3) $J_R = - \Delta p_M$ since the center of mass of the rod is not moving after the collision
$J_R = - \frac{m}{3}\sqrt{6 g l}$
is the problem correct?

 

[PeroK]

Can you sort your Latex: use double hashes, not single hanshes.

 

[Nexus99]

Sorry, i edited my previous post

 

[PeroK]

Sorry, i edited my previous post

The answers to parts 1) and 2) look correct. Can you explain the answer to 3)? Especially in terms of the total linear momentum of the system.

 

[PeroK]

2) Conservation of energy and angular momentum (calculating momentum from point A)

$mg \frac{1}{2} l + \frac{1}{2} I \omega^2 = \frac{1}{2}Mv^2$

You got the right answer, but this equation should have the PE of the rod on both sides of the equation. Or, better, left out altogether, as it's the same before and after the collision.

 

[Nexus99]

You got the right answer, but this equation should have the PE of the rod on both sides of the equation. Or, better, left out altogether, as it's the same before and after the collision.

Trying to explain the my solution i realized that i made a mistake:
$J_R = \Delta p_{tot}$ where $p_{tot}$ stands fot total momentum of the system, not only the impulse given by the ball.
So i got:
$p_{tot} = \frac{m}{3}v - m \omega \frac{l}{2} = -m\frac{\omega}{6}l$

 

[PeroK]

Trying to explain the my solution i realized that i made a mistake:
$J_R = \Delta p_{tot}$ where $p_{tot}$ stands fot total momentum of the system, not only the impulse given by the ball.
So i got:
$p_{tot} = \frac{m}{3}v - m \omega \frac{l}{2} = -m\frac{\omega}{6}$

Be careful. That answer is dimensionally inconsistent.

 

[Nexus99]

Be careful. That answer is dimensionally inconsistent.

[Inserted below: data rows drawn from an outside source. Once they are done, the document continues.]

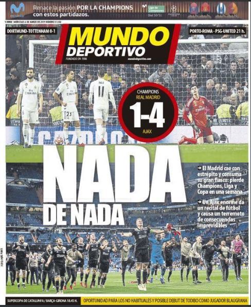 Nonostante una squadra formidabile e anni di successi, alla stampa spagnola non è andata affatto giù la pesante debacle di ieri del Real Madrid contro l’Ajax.
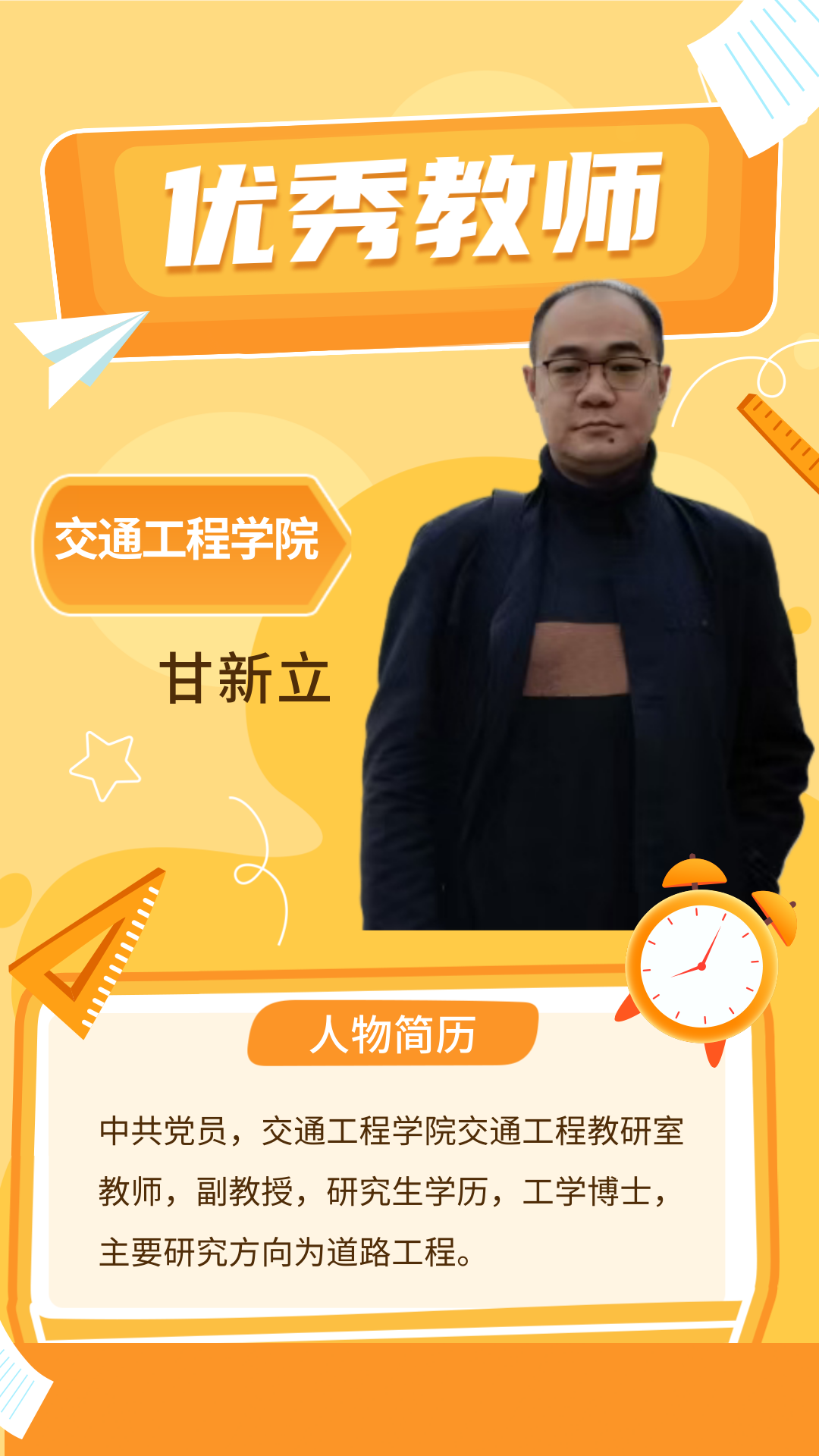 甘新立老师承担贵州省科学技术厅、教育厅、交通运输厅、省公路局科技项目多项;开发了“低碳渗固式抗滑封层应用技术”,获2022年度贵州省公路学会科学技术二等奖,并在贵州省首届科技节上进行了成果推介;依托科学研究,近三年出版学术专著1部,发表SCI检索论文4篇、中文核心期刊论文3篇,获授权发明专利2项、实用新型专利3项,登记软件著作1项,参与编制了开阳县“十四五”综合交通体系有关规划;所获得的科技成果“低碳渗固式抗滑封层”“公路生态袋护坡”等技术成功获得了工程应用。指导学生获得了“中交公规院杯”2022世界大学生桥梁设计大赛入围奖1项、中国(小谷围)“互联网+交通运输”创新创业大赛三等奖1项。他和课程团队在“智慧树网”建设并上线了国内第一门《道路工程》线上课程资源;《道路工程》课程先后获批为校级双创示范课程、校级一流课程、省级一流课程。
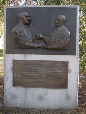 الذكرى 50 للتصالح، 8 يوليو 2012: أنگلا مركل (يسار)، المستشارة الفدرالية لألمانيا، وفرانسوا اولاند (يمين)، رئيس الجمهورية الفرنسية.
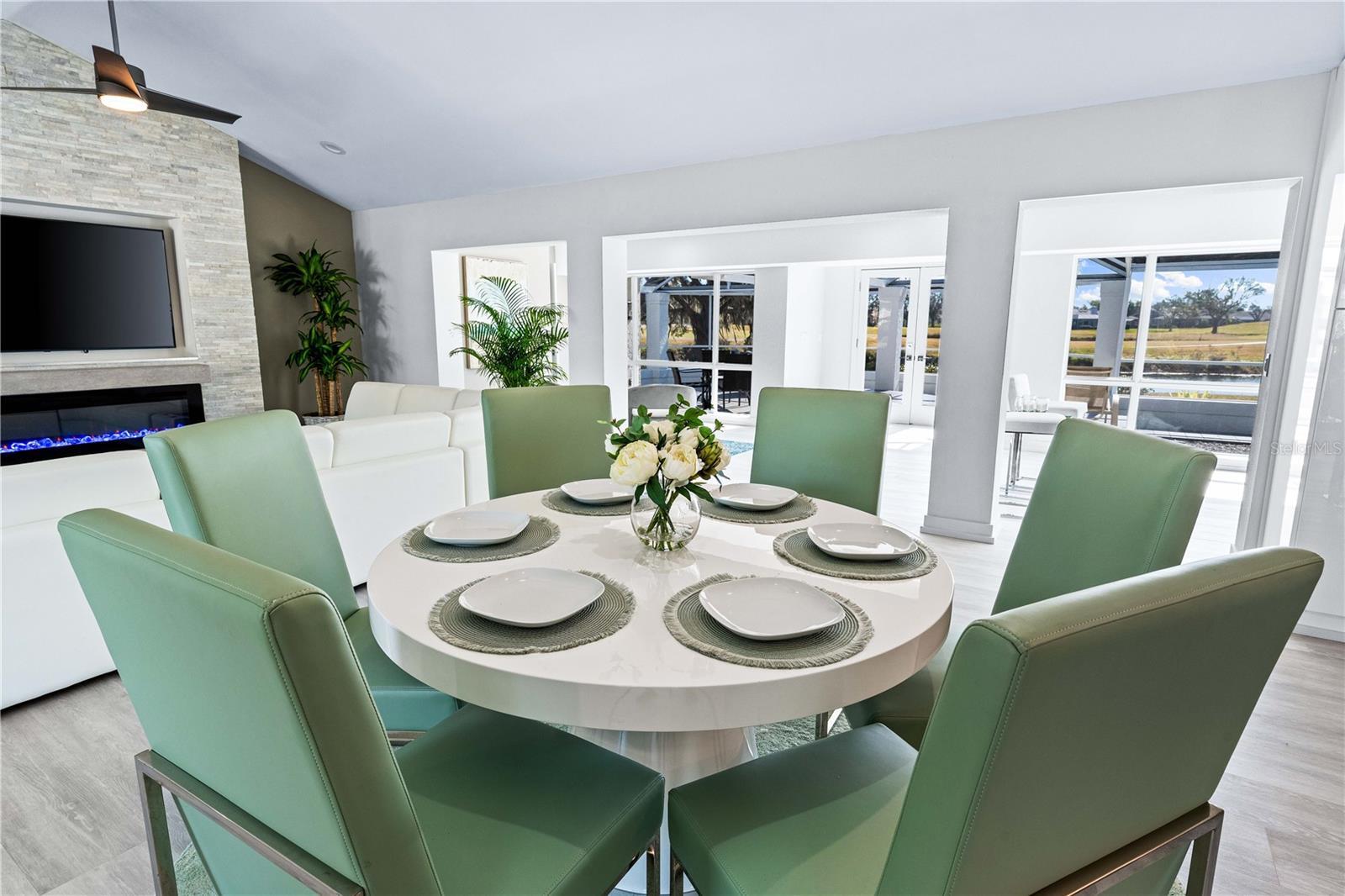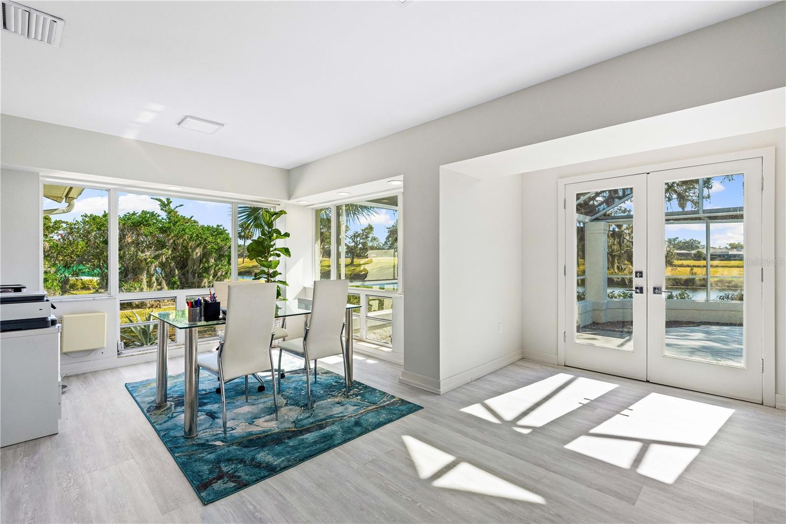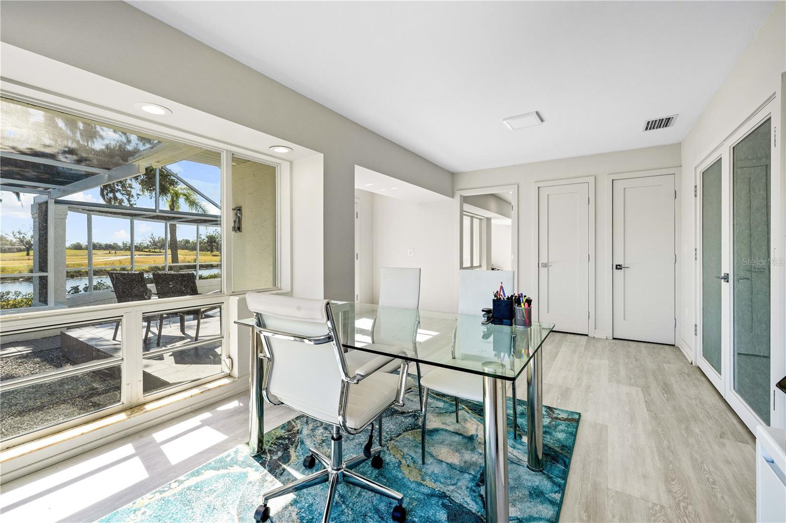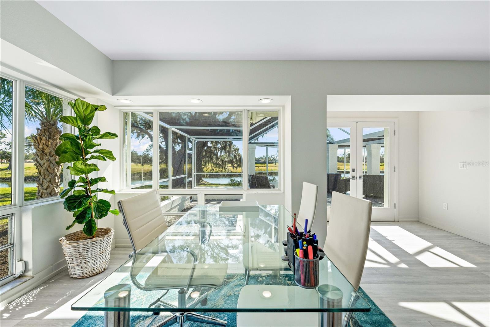 Seller Motivated! Exquisitely remodeled 4/3.5 contemporary on a spacious golf course lot in the popular Club at River Wilderness. A totally open floor plan featuring extensive windows and a cathedral ceiling create a bright, airy feeling, highlighting the stunningly luxurious, designer finishes throughout. The huge 800sf great room-dining-kitchen area features a floor to ceiling quartzite stone fireplace on one end, with electric fireplace and 72” tv niche, and a chef’s dream kitchen on the opposite end, making this the perfect home for entertaining. The incredible kitchen features glossy white European style cabinetry with premium Cambria counter tops and an impressive waterfalled center island with a composite sink, extremely quiet SS dishwasher and seating for four. Top of the line Frigidaire Professional SS appliances include a 66" twin column frig and freezer, built-in dual wall ovens with a convection microwave, a 36” natural gas cooktop with SS chimney vent. Beyond the great room is a more intimate seating area overlooking the serene golf course and a game room leading out to the expansive, screened in lanai. The spacious master suite boasts a cathedral ceiling, ample room for a king size bed that overlooks an intimate seating area with a built-in electric fireplace to warm cooler evenings after relaxing in the opulent master bath’s whirlpool jet tub. Bathroom also features a large, walk-in glass lined porcelain shower, his and hers vanities with lighted & fog proof mirrors and a separate toilet room. An immense walk-in closet will surprise you with its spacious “California” closet design, it’s convenient second laundry room featuring Bosch under counter washer and dryer, storage cabinets, sink and quartz counter perfect for your morning coffee or expresso machine! Completing the owner’s wing is a large office area with tons of naturel light and a beautiful view overlooking the golf course. The "other wing" of this magnificent home features 3 spacious bedrooms with built-in desks, plenty of closet space and 2 baths en-suite both completely updated with lighted mirrors, porcelain tile and wall hung vanities. The spacious main laundry room in located off the kitchen and leads to a unique 220sf multi-functional workshop/craft room/golf cart room with laundry tub and slatted walls for convenient storage and direct access to the 2.5 car attached garage. Additional upgrades include a new roof and air conditioning systems, all new landscaping, quartzite brick enhanced facias for curb appeal, a circular drive for plenty of guest parking, all new hardware, lighting and plumbing fixtures, freshly painted walls and ceilings and new luxury vinyl plank for porcelain tile floors throughout. You will love the privacy and serenity from your screened in patio with pond/golf course view and room for a pool or hot tub. This community has many amenities including a 18 hole championship golf course, clubhouse with dining, Olympic sized pool, fully equipped fitness center, lighted har-tru tennis courts and pickle ball as well as community ramp with boating access to the Manatee River! The club has many optional memberships for golf, tennis, and social. This incredible community is conveniently located to shopping, restaurants and schools. Call me today for a private tour while this masterpiece is still available.
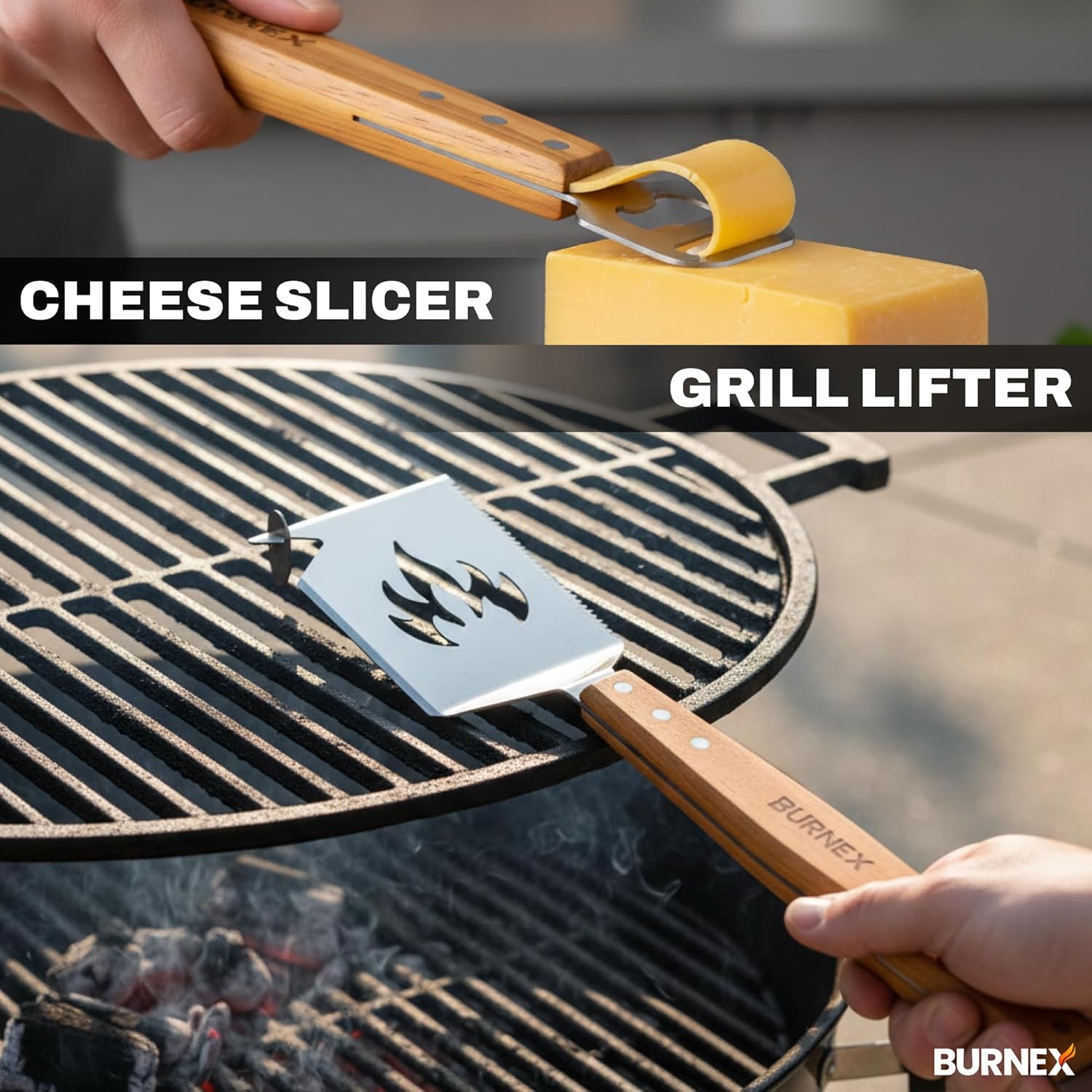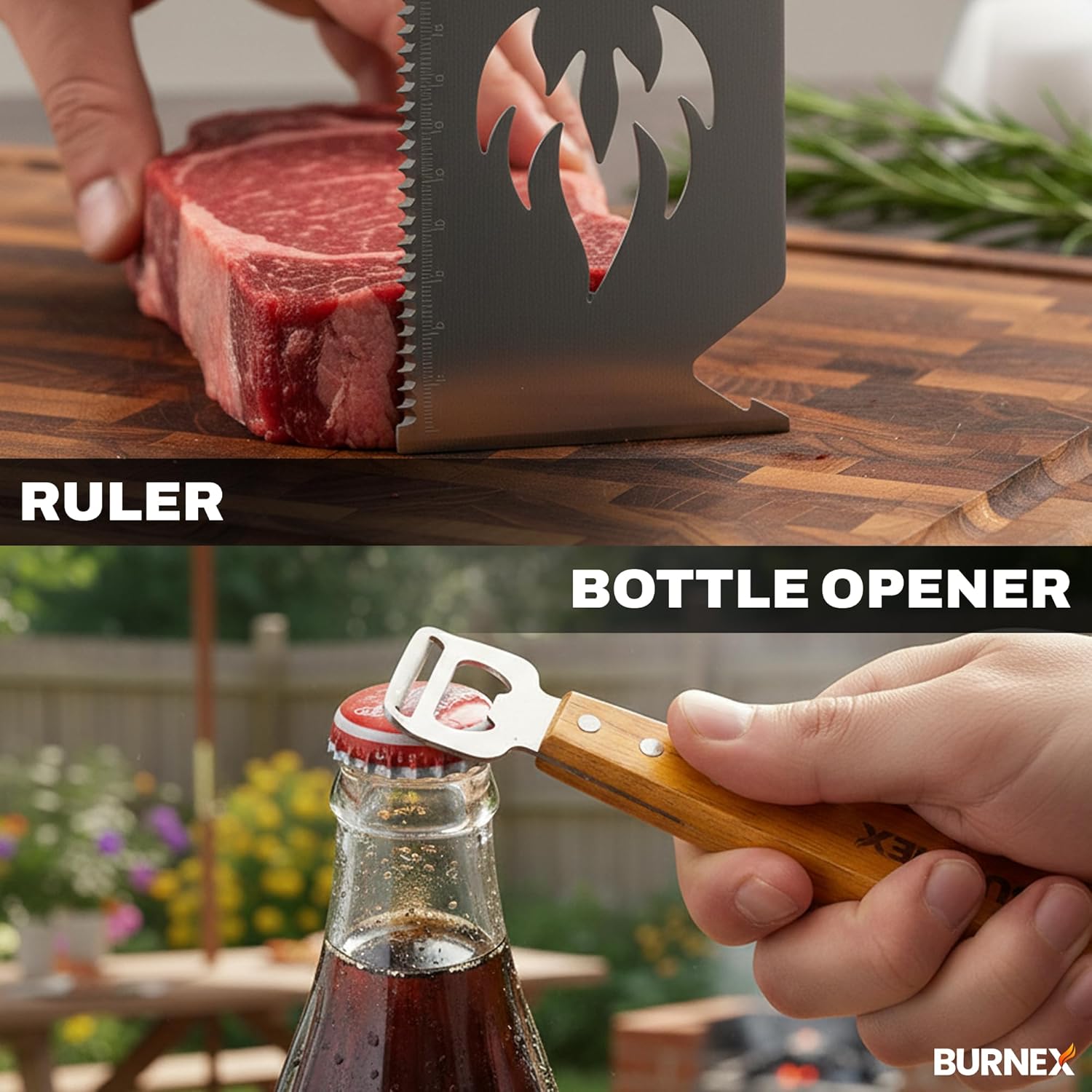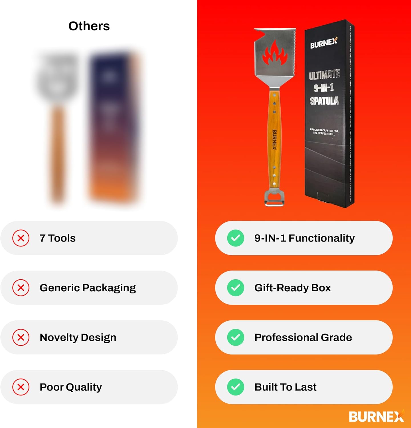 All-in-One BBQ MultiTool for BBQ Masters: Burnex bbq spatula is a versatile bbq tools with 9 tools including a scraper, grill lifter, bottle opener, ruler and cheese slicer all in one.
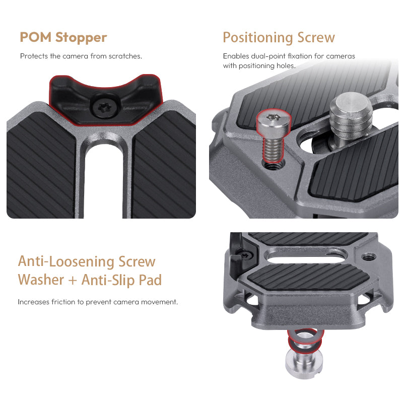 - Anti-Loosening Screw Washer + Anti-Slip Pad- Increases fricticon to prevent camera movement.
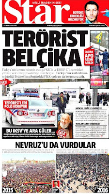 Le journal Star, sous le contrôle absolu d’Erdogan, a publié le 22 mars 2016, jour des attentats à Bruxelles, à la une en gros titre : « Belgique, État terroriste », en accompagnant la photo de Kurdes brandissant des drapeaux du Rojava, qui est le nom de l’État autonome kurde, fondé en Syrie du Nord, ce qui constitue une menace directe contre la Turquie. Dans le même numéro du journal, il y avait des menaces proférées par Erdogan contre la Belgique, et il y avait bien sûr de nombreux articles en rapport dans le journal.
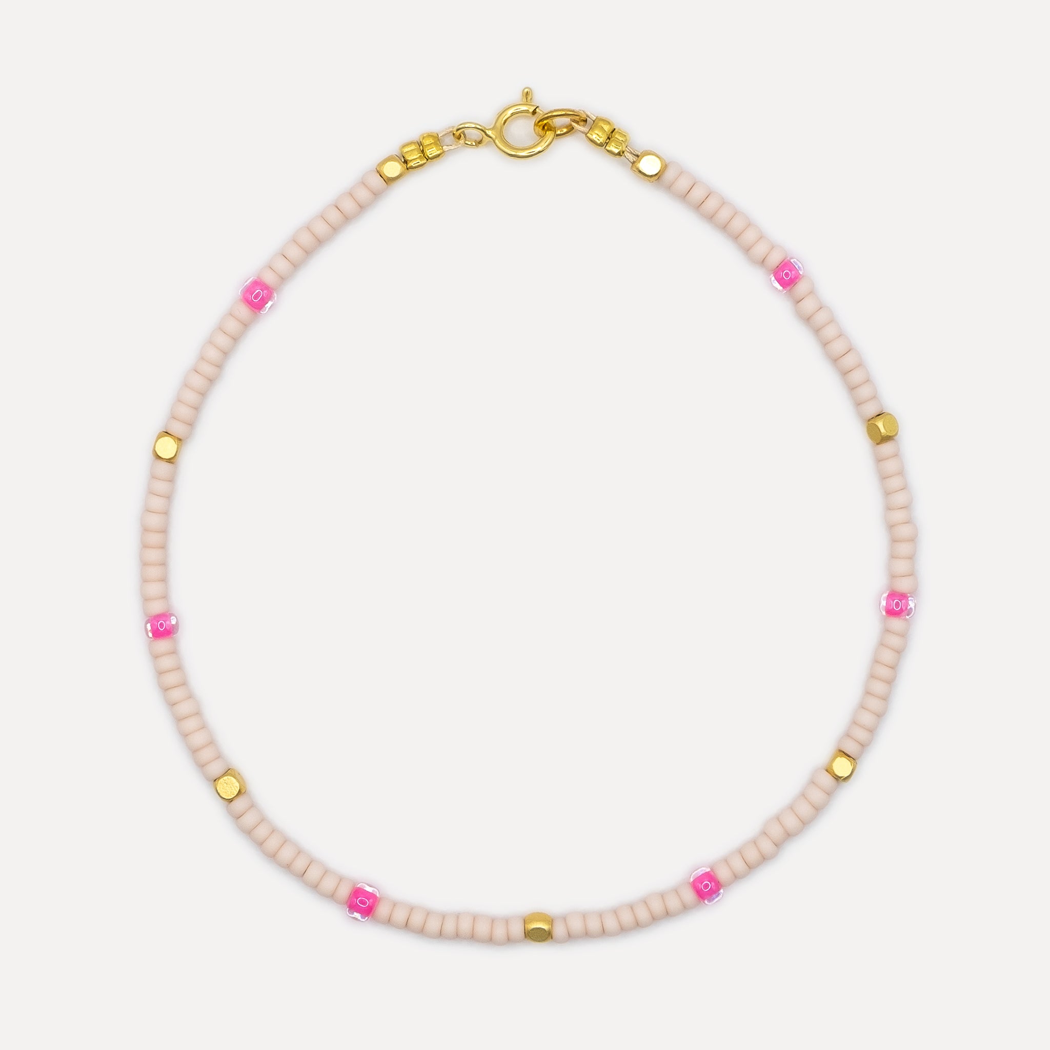 Using the finest quality materials this bracelet is handmade with gold-plated brushed cube beads, and Japanese miyuki glass seed beads, thread onto durable soft-flex, and finished with an 18k gold-filled clasp. This bracelet is designed as 1 of a Set of 3, or Mix & Match with bracelets in other colourways in our collection. Dress up or down for an elevated, everyday look.

sorry, i forgot an l, now should be ok

 

[PeroK]

Trying to explain the my solution i realized that i made a mistake:
$J_R = \Delta p_{tot}$ where $p_{tot}$ stands fot total momentum of the system, not only the impulse given by the ball.
So i got:
$p_{tot} = \frac{m}{3}v - m \omega \frac{l}{2} = -m\frac{\omega}{6}l$

It did say "magntitude" of the impulse, but that's a small issue!

 

[Nexus99]

It did say "magntitude" of the impulse, but that's a small issue!

That's true:
$|\vec{J_R}| = m\frac{\omega}{6}l$
I have a question, is the impulse completely directed along x axis?

 

[PeroK]

I have a question, is the impulse completely directed along x axis?

Well, if you think about the rod just hanging there, we have the balanced forces of gravity and the restraining force at the pivot. The forces are balanced, so there is no motion. But, why not say that both forces are providing an equal an opposite impulse over a given time period? If impulse is force by time then why not?

Forces, impulses, accelerations are all vectors so they may cancel out when you add them.

That said, the impulse in the x-direction is a spike (large force over a short time giving a finite well-defined impulse); the impulse in the y-direction tends to zero as the time of the collision tends to zero, so is not particulary relevant in this case.

Interesting?!

 

[Nexus99]

Well, if you think about the rod just hanging there, we have the balanced forces of gravity and the restraining force at the pivot. The forces are balanced, so there is no motion. But, why not say that both forces are providing an equal an opposite impulse over a given time period? If impulse is force by time then why not?

Forces, impulses, accelerations are all vectors so they may cancel out when you add them.

That said, the impulse in the x-direction is a spike (large force over a short time giving a finite well-defined impulse); the impulse in the y-direction tends to zero as the time of the collision tends to zero, so is not particulary relevant in this case.

Interesting?!

Ok understood, this happens because internal the restraining force is impulsive during the collision, right?

 

[PeroK]

Ok understood, this happens because internal the restraining force is impulsive during the collision, right?

The reason there is an impulse is that the impact with the ball tries to rotate the rod about some point below the pivot. The pivot prevents this and provides an opposite torque, which is also the external force that reduces the linear momentum of the system. Angular momentum about the pivot, of course, is conserved.

 

[PeroK]

PS I assumed they are talking about the impulse from the pivot during the collision only.